* Required work
For the lines from the one with "看我們心連心,連著(zhù)" to the end of the listing below, both ends included, give an exact copy and nothing more. Do not copy pictures.

* Data shown
----------------
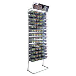 Incluye 12 unidades de cada una de las 140 referencias de la gama. (Expositor gratuito). Alto: 220 cm. Ancho 70,5 cm. Fondo: 49cm.
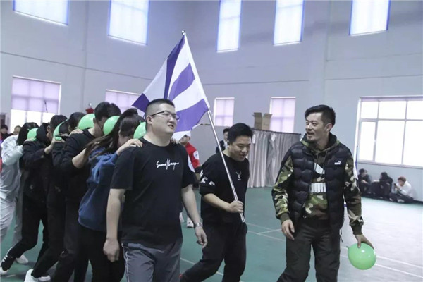 看我們心連心,連著(zhù)一起向前走。本游戲要求裁判宣布開(kāi)始后,6名隊員首先吹氣球,并將氣球系好;將系好的氣球放于2人之間并用額頭頂住進(jìn)行前進(jìn),期間有氣球掉落則重新開(kāi)始;隊伍行進(jìn)距離50米,直至最后一個(gè)人穿過(guò)終點(diǎn)線(xiàn),用時(shí)最少名次越前。通過(guò)本游戲來(lái)培養大家的團隊精神,提高隊員們配合、協(xié)作的能力。
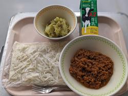 今日の給食:ソフト麺ミートソース、じゃがバタベーコン、牛乳
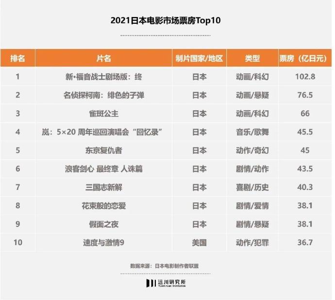 日本不仅手机产业是加拉帕戈斯化的典型,电影行业亦复如是。根据电影票房网站 Box Office Mojo 的统计,日本电影近年在全球范围内的最好成绩,是动画电影《鬼灭之刃:无限列车篇》在 2020 年摘得的年度票房亚军,而在它 4.53 亿美元的收入中,本土票房贡献了 4.03 亿,占比高达 89.1%。
----------------
* Response to the exercise
 看我們心連心,連著(zhù)一起向前走。本游戲要求裁判宣布開(kāi)始后,6名隊員首先吹氣球,并將氣球系好;將系好的氣球放于2人之間并用額頭頂住進(jìn)行前進(jìn),期間有氣球掉落則重新開(kāi)始;隊伍行進(jìn)距離50米,直至最后一個(gè)人穿過(guò)終點(diǎn)線(xiàn),用時(shí)最少名次越前。通過(guò)本游戲來(lái)培養大家的團隊精神,提高隊員們配合、協(xié)作的能力。
 今日の給食:ソフト麺ミートソース、じゃがバタベーコン、牛乳
 日本不仅手机产业是加拉帕戈斯化的典型,电影行业亦复如是。根据电影票房网站 Box Office Mojo 的统计,日本电影近年在全球范围内的最好成绩,是动画电影《鬼灭之刃:无限列车篇》在 2020 年摘得的年度票房亚军,而在它 4.53 亿美元的收入中,本土票房贡献了 4.03 亿,占比高达 89.1%。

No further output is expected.